==== DATASET
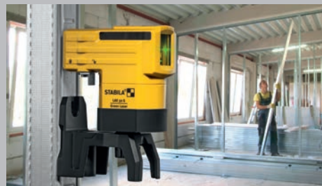
Strong rare-earth magnet system
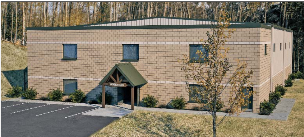
An artistic rendering of the exterior of the Sunny Day Leadership and Activity Center. It is time for the West Virginia Baptist Convention to build it with your commitments.
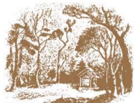
Kubinashi Jizo of Hiyamizu Pass

(god of fox) at Onechi Shrine. This 1000-year-old fox with a magical power lived near Mt. Fuji. But in 1192 he escaped from the hunting done by Yoritomo Minamoto and came to Mt. Onechi.
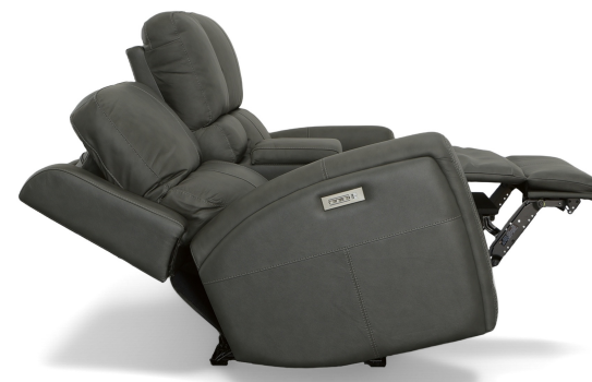
1043-64PH in Leather 946-02
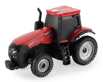
1:64 Case IH AFS Connect™ Magnum™ 380 Tractor

Part No. ZFN47166 Case Pack: 4 - Age grade: 3+
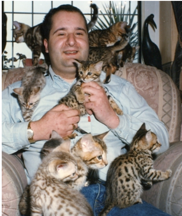
Esmond Gay & Sarex Bengal Kittens - 30 th April 1996

I'm a very driven person and so within two years Sarah and I owned a huge collection comprising of some of the best Bengals in existence; we had all the colours and all the generations including three of just four rare Filial 1 (F1) Bengal x leopard cat hybrids in Britain, and we had some superb late generation (SBT) studs and females, funding their purchase by selling their babies. My once idle obsession had turned us into one of the world's largest and most significant breeders of these cats!
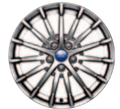
17" Machined Aluminum Standard
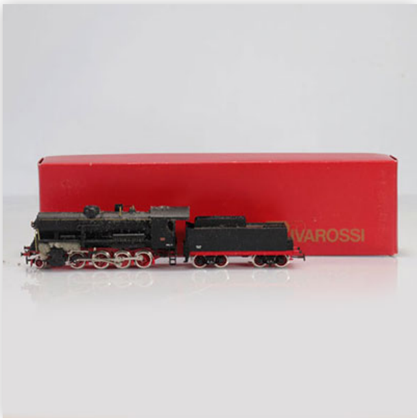
27 Rivarossi locomotive / Reference: 1142 / Type: GR 741 401

Référence: GFAB6151 — Poids: 450 g — Sizes: L=250mm — Condition: At first glance - very good condition - no restoration - no repair
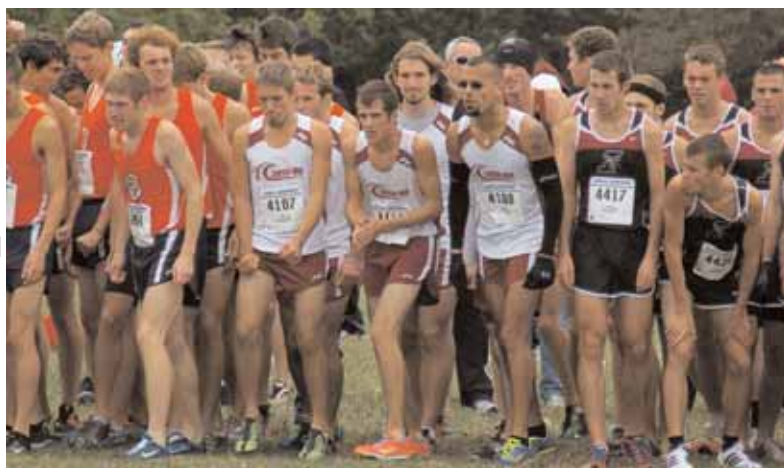
On your mark, get set, GO!
========
**ASSIGNED TASK:**
Output every entry above exactly, minus the pictures.

**ANSWER TO THIS TASK:**
Strong rare-earth magnet system
An artistic rendering of the exterior of the Sunny Day Leadership and Activity Center. It is time for the West Virginia Baptist Convention to build it with your commitments.
Kubinashi Jizo of Hiyamizu Pass

(god of fox) at Onechi Shrine. This 1000-year-old fox with a magical power lived near Mt. Fuji. But in 1192 he escaped from the hunting done by Yoritomo Minamoto and came to Mt. Onechi.
1043-64PH in Leather 946-02
1:64 Case IH AFS Connect™ Magnum™ 380 Tractor

Part No. ZFN47166 Case Pack: 4 - Age grade: 3+
Esmond Gay & Sarex Bengal Kittens - 30 th April 1996

I'm a very driven person and so within two years Sarah and I owned a huge collection comprising of some of the best Bengals in existence; we had all the colours and all the generations including three of just four rare Filial 1 (F1) Bengal x leopard cat hybrids in Britain, and we had some superb late generation (SBT) studs and females, funding their purchase by selling their babies. My once idle obsession had turned us into one of the world's largest and most significant breeders of these cats!
17" Machined Aluminum Standard
27 Rivarossi locomotive / Reference: 1142 / Type: GR 741 401

Référence: GFAB6151 — Poids: 450 g — Sizes: L=250mm — Condition: At first glance - very good condition - no restoration - no repair
On your mark, get set, GO!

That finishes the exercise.